§ **Work request**: From the data below, please reproduce exactly everything from the line that contains "このうち、岡藩主中川家大船山" down to the line that contains "Prism Red Rectangular", with both ends included.

___ Data section

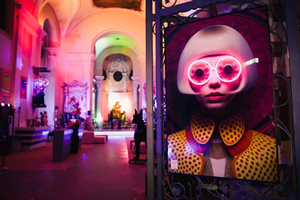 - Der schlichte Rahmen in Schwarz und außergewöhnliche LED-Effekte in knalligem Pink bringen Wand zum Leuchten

______
___ Data section

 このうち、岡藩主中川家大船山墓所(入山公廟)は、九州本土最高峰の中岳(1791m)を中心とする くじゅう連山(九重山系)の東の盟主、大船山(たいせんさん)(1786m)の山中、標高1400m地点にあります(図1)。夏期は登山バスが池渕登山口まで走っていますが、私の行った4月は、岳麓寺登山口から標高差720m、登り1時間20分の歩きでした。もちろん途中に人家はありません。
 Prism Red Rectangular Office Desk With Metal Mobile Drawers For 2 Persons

______
___ Data section

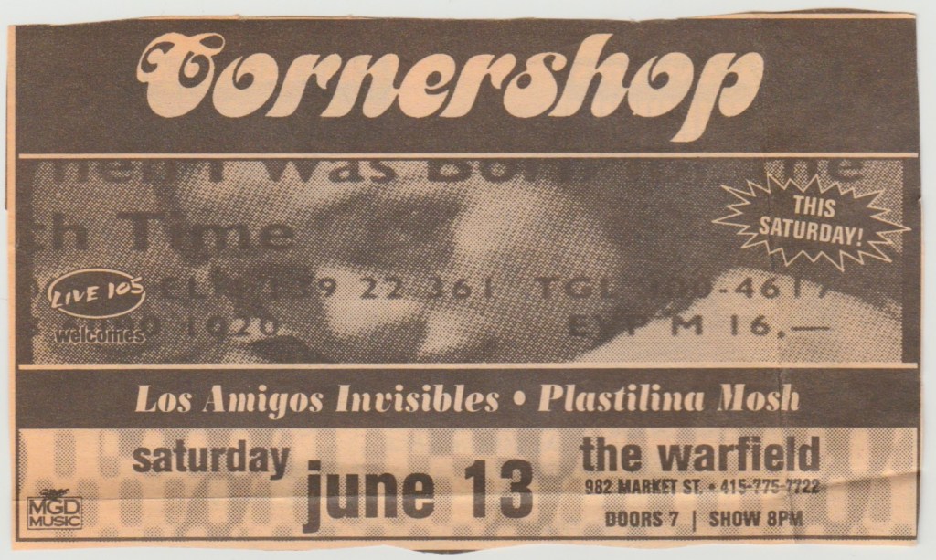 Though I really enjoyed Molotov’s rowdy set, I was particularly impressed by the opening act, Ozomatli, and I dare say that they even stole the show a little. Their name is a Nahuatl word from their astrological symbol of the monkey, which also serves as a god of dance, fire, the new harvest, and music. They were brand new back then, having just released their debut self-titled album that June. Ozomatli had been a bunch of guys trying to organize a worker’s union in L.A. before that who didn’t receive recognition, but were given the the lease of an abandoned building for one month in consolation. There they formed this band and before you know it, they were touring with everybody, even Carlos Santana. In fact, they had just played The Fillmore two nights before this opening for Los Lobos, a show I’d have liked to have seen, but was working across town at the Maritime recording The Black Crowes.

______

§ **Output below**:
 このうち、岡藩主中川家大船山墓所(入山公廟)は、九州本土最高峰の中岳(1791m)を中心とする くじゅう連山(九重山系)の東の盟主、大船山(たいせんさん)(1786m)の山中、標高1400m地点にあります(図1)。夏期は登山バスが池渕登山口まで走っていますが、私の行った4月は、岳麓寺登山口から標高差720m、登り1時間20分の歩きでした。もちろん途中に人家はありません。
 Prism Red Rectangular Office Desk With Metal Mobile Drawers For 2 Persons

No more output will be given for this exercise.